INCREASING use of robots and artificial intelligence (AI) in the workplace could heighten social inequality and lead to significant job losses, according to a report.

The Boston Consulting Group said that while automation will affect a broad range of jobs, the better-off will be able to retrain into new fields, while those on lower incomes will not have the same opportunities. It points out this was already happening in the UK, where coal, steel, and fishing workers have often been left without sufficient retraining programmes and lack the income to enter a new trade.

Younger employees and those without a degree would also be unable to climb up the employment ladder because of a reduction in the amount of “stepping stone” jobs, such as bookkeepers and paralegals.

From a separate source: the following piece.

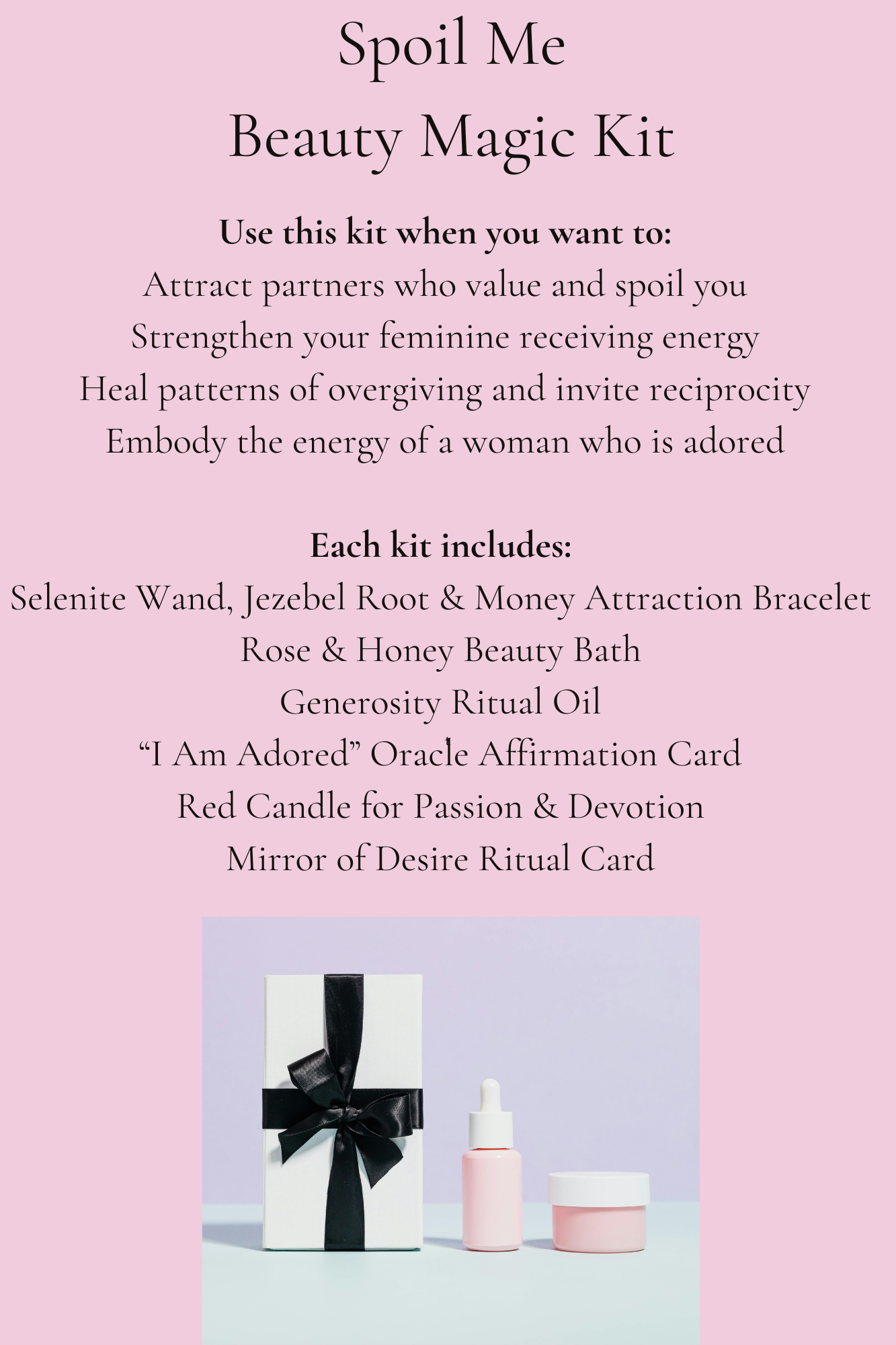 Love should feel easy, generous, and divine. The Spoil Me Beauty Magic Kit helps you call in a partner who adores you, invests in you, and cherishes your energy. This kit was created to align your aura with high-value romantic energy — love that uplifts, supports, and celebrates your beauty.

Sutton Trust research manager Carl Cullinane said the rise in “soft skills” such as communications, confidence and resilience, would widen the employment gap between rich and poor. He said: “It’s long established that private schools put a lot of effort into making sure their pupils have those sorts of skills. And these will become even more important in a crowded labour market.”

In another report, the Centre for Business and Economic Research, at Ball State University in Indiana, said jobs in the $40,000 (£30,800) salary range were the most likely to be replaced by AI and robots.

Its director Michael Hicks said: “Automation is likely to replace half of all low-skilled jobs… Considerable labour market turbulence is likely in the coming generation.”